The motives behind the US intervention was not so much to deter the Islamic State from nibbling away at additional Iraqi territories as much as it was to protect its interests and its diplomatic and non-diplomatic presence in Kurdistan.

The international and regional communities have yet to demonstrate whether they will be able to form a unified front to put an end to the Islamic State group.

The US offensive in recent days seemed more like a localised surgical operation than a comprehensive military intervention. There are no signs to indicate that the Obama administration is planning to go back on its decision to withdraw from the Middle East.

Ghassan Charbel, the editor-in-chief of the pan-Arab Al Hayat newspaper, said that while this is going on, the storm continues to rage across international maps and borders. Millions are displaced and minorities are uprooted.

“This isn’t the way to the abyss, this is the abyss itself, and we are wallowing in it,” he wrote.

“Yes, we have fallen into the pit, but it puts us at a crossroads: ­either we find a way out or we allow ourselves to slip even deeper.

“It is a fateful battle where the moderate camp needs to regain the reins of initiative or allow the whole region to go into years and possibly decades of darkness,” Charbel opined.

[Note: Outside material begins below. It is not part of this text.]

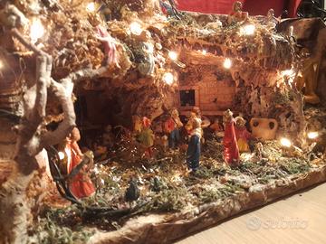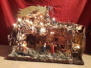 presepe napoletano completo di personaggi e illuminazione misura 40cm x 22cm

“But the region can’t be rescued from the outside. The US can either trim the Islamic State’s fingernails or cut off its fingers.

“Only the region’s governments can prevent the Islamic State and its affiliates from sprouting and spreading, by choosing to resort to moderation. It is the sole responsibility of the region’s powers,” the writer added.

A way out of this dark pit is possible as long as the principle of partnership is upheld, Charbel said. Monopoly of power leads only to extremism.

There are those who consider that the Islamic State group was born out of widespread frustration within Sunni communities towards Tehran’s exaggerated clout in Baghdad, Damascus and Beirut.

With its involvement on so many fronts, Iran is finding its resources depleted. Its only solution will be to choose partnership over monopoly.

“The choice is clear: either a return to moderation and collaboration or drowning in a sea of gloom,” Charbel concluded.